How the bits work
You’ve probably heard that computers store things in 1s and 0s. These fundamental units of information are called parts. When a bit is “on”, it corresponds to a 1; when it is “off” it turns to 0. Each bit, in other words, can only store two pieces of information.
But once you put them together, the amount of information you can encode grows exponentially. Two bits can represent four pieces of information, because there are 2 ^ 2 combinations: 00, 01, 10 and 11. Four bits can represent 2 ^ 4 or 16 pieces of information. Eight bits can represent 2 ^ 8 or 256. And so on.

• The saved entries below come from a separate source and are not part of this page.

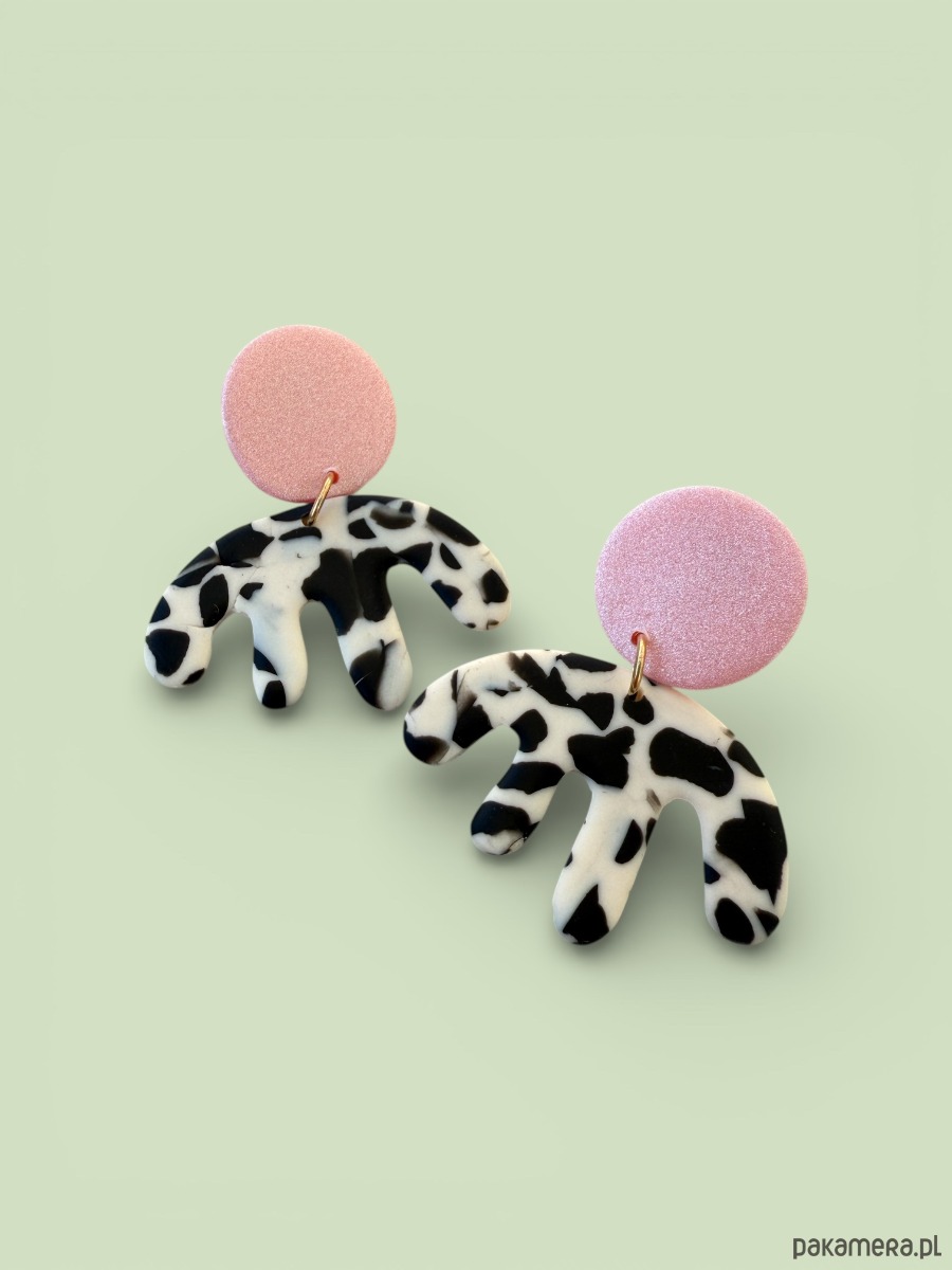 Oryginalne kolczyki wykonane ręcznie z dbałością o szczegóły z profesjonalnej glinki polimerowej, wypalane w piecu i szlifowane w domowej pracowni. Każda para kolczyków jest niepowtarzalna i wyjątkowa. Kolczyki są bardzo lekkie i wygodne, nie obciążają płatka ucha i przyciągają spojrzenia. Zapinane na sztyft ze stali chirurgicznej.
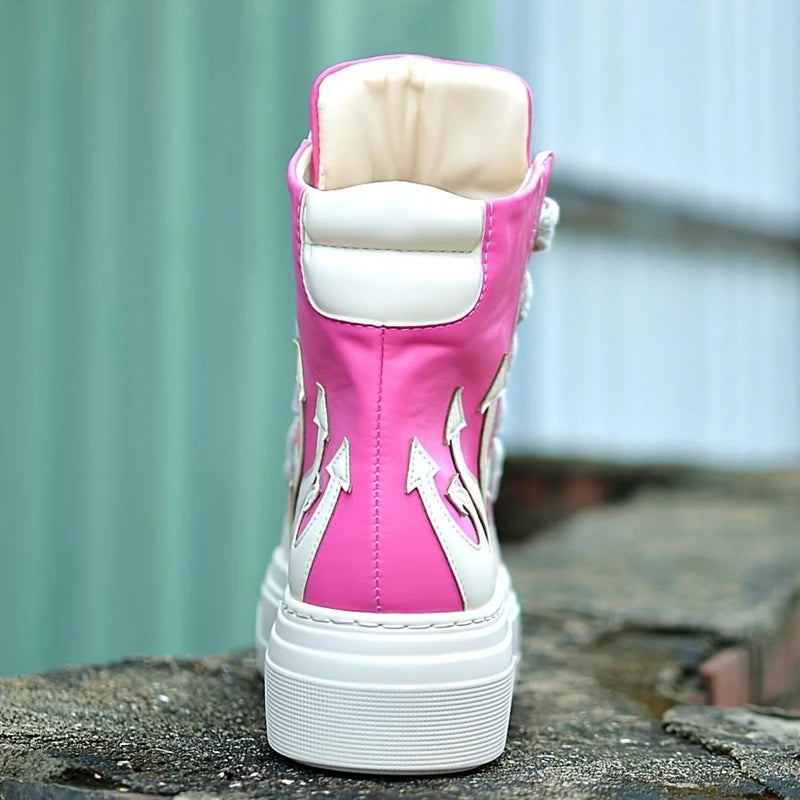 Women's High Top Flame Sports Shoes Wide Lace Up Casual Sneakers/For Woman Flat Platform Ladies Embroider Sneakers Girls Tennis
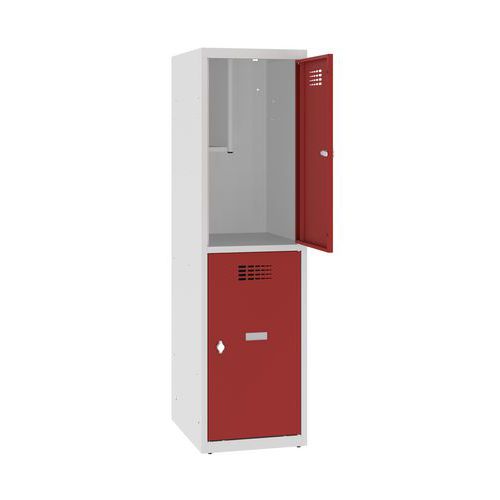 Snížená školní šatní skříň, 2 oddíly, 400 mm, šedá/červená, otočný uzávěr
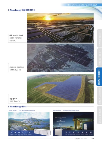 New & Renewable Energy Guide 2024 I Risen Energy 주요 설치 실적 I 중국 저장성 닝하이시 99MW 수상태양광, 신·재생에너지 홍보관 Risen EPC 카자흐스탄 카라간다주 신·재생에너지 전시회 40MW, Risen EPC 신·재생에너지 기업소개 독일 볼테크 신·재생에너지 설치사례 9MW, Risen EPC I Risen Energy ESS I 신·재생에너지 유관기관 신·재생에너지가이드 2024 99
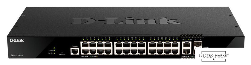 | Комплектация | • Коммутатор DGS-1520-28• Кабель питания• Фиксатор для кабеля питания• Консольный кабель (с разъемами RJ-45 и RS-232)• 2 крепежных кронштейна для установки в 19-дюймовую стойку• 4 резиновые ножки• Комплект для монтажа• Краткое руководство по установке |
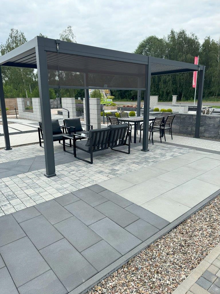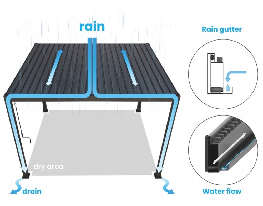 - Specjalnie zaprojektowany system odprowadzania wody rynnami do nóg pergoli
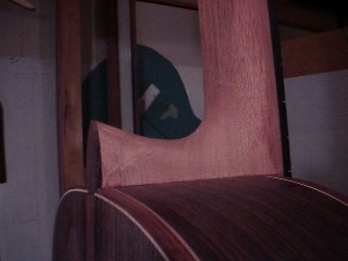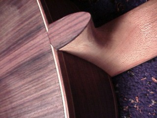 | The heel after the neck is attached to the body of the guitar. Notice how the shadows on the contours of the heel are smooth. |  |
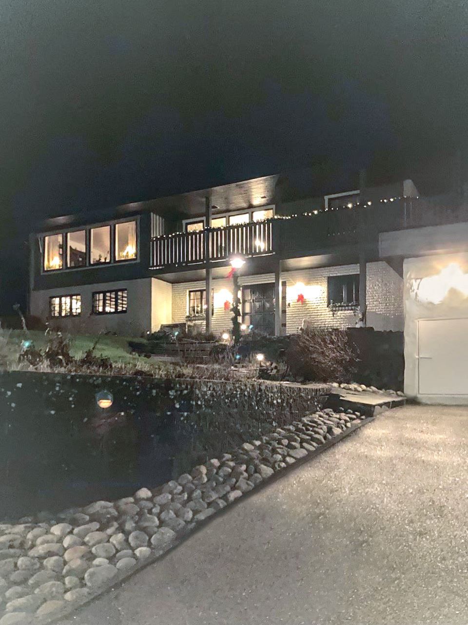 Invändigt möts ni av stora, luftiga och sociala ytor där planlösningen bjuder in till umgänge. Vardagsrummet präglas av en stämningsfull braskamin som ger både värme och karaktär. Från vardagsrum och matplats nås den imponerande balkongen som löper längs hela villans framsida och vidare runt knuten till entrén på övre plan – en fantastisk plats att njuta av sol, utsikt och långa sommarkvällar. Här finns förutom kök, matplats och vardagsrum, 3 väl tilltagna sovrum, ett helkaklat badrum med badkar samt gästtoalett som nås från hall vid entré.

The right combination of bits can represent data types like numbers, letters, and colors, or types of operations like addition, subtraction, and comparison. Most laptops these days are 32 or 64 bit computers. This does not mean that the computer can only encode 2 ^ 32 or 2 ^ 64 information in total. (That would be a very weak computer.) This means that it can use that many bits of complexity to encode each piece of data or individual operation.
4-bit deep learning
So what does 4-bit training mean? Well, for starters, we only have a 4-bit computer, and therefore 4-bit complexity. One way to think about it: each number we use during the training process must be one of 16 integers between -8 and 7 because these are the only numbers our computer can represent. This goes for the data points we feed into the neural network, the numbers we use to represent the neural network, and the intermediate numbers that we need to store during training.
So how do we do this? First, let’s think about the training data. Imagine it was a whole bunch of black and white images. First step, we have to convert these images into numbers, so that the computer understands them. To do this, represent each pixel by its grayscale value: 0 for black, 1 for white and the decimal places between shades of gray. Our image is now a list of numbers going from 0 to 1. But in a 4-bit country, we need it to range from -8 to 7. The trick here is to scale our list linearly. numbers, so 0 becomes -8 and 1 becomes 7 and the decimals correspond to the integers in the middle. Therefore:
This process is not perfect. If you started with the number 0.3, for example, you ended up with the scaled number -3.5. But our four bits can only represent whole numbers, so you need to round -3.5 to -4. You end up losing some of the shades of gray, or so called precision, in your image. You can see what it looks like in the image below.
This trick isn’t too shabby for workout data. But when we apply it again to the neural network itself, things get a bit tricky.
We often see neural networks drawn like the above as something with nodes and connections. But for a computer, these also turn into a series of numbers. Each node has a so-called Activation value, which typically ranges from 0 to 1, and each connection has a weight, which typically ranges from -1 to 1.
We could scale them the same way we did with our pixels, but activations and weights also change with each training cycle. For example, activations sometimes vary from 0.2 to 0.9 one turn and sometimes from 0.1 to 0.7 another. So, the IBM group discovered a new trick in 2018: resize these ranges to stretch them between -8 and 7 with each revolution (as shown below), which effectively avoids losing too much precision.
But then there is only one last element: how to represent in four bits the intermediate values that arise during training. What is difficult is how much these values can span over several orders of magnitude, unlike the numbers we were processing for our images, weights and activations. They can be incredibly small like 0.001 or incredibly large like 1000. Trying to scale linearly between -8 and 7 loses all the granularity at the very small end of the scale.
After two years of research, the researchers finally solved the puzzle: by borrowing an existing idea from others, they scale these intermediate numbers logarithmically. To see what I mean, here is a logarithmic scale you might recognize, with a so called “base” of 10, using just four bits of complexity. (Researchers use a base of 4 instead, as it worked best through trial and error.) You can see how this allows you to encode large and small numbers within bit constraints.
With all of these pieces in place, this latest article shows how they combine. IBM researchers have conducted several experiments in which they simulate 4-bit deep learning training for various models of computer vision, speech, and natural language processing. The results show that there is a limited loss of precision in the overall performance of the model compared to 16-bit deep learning. It is also more than seven times faster and seven times more energy efficient.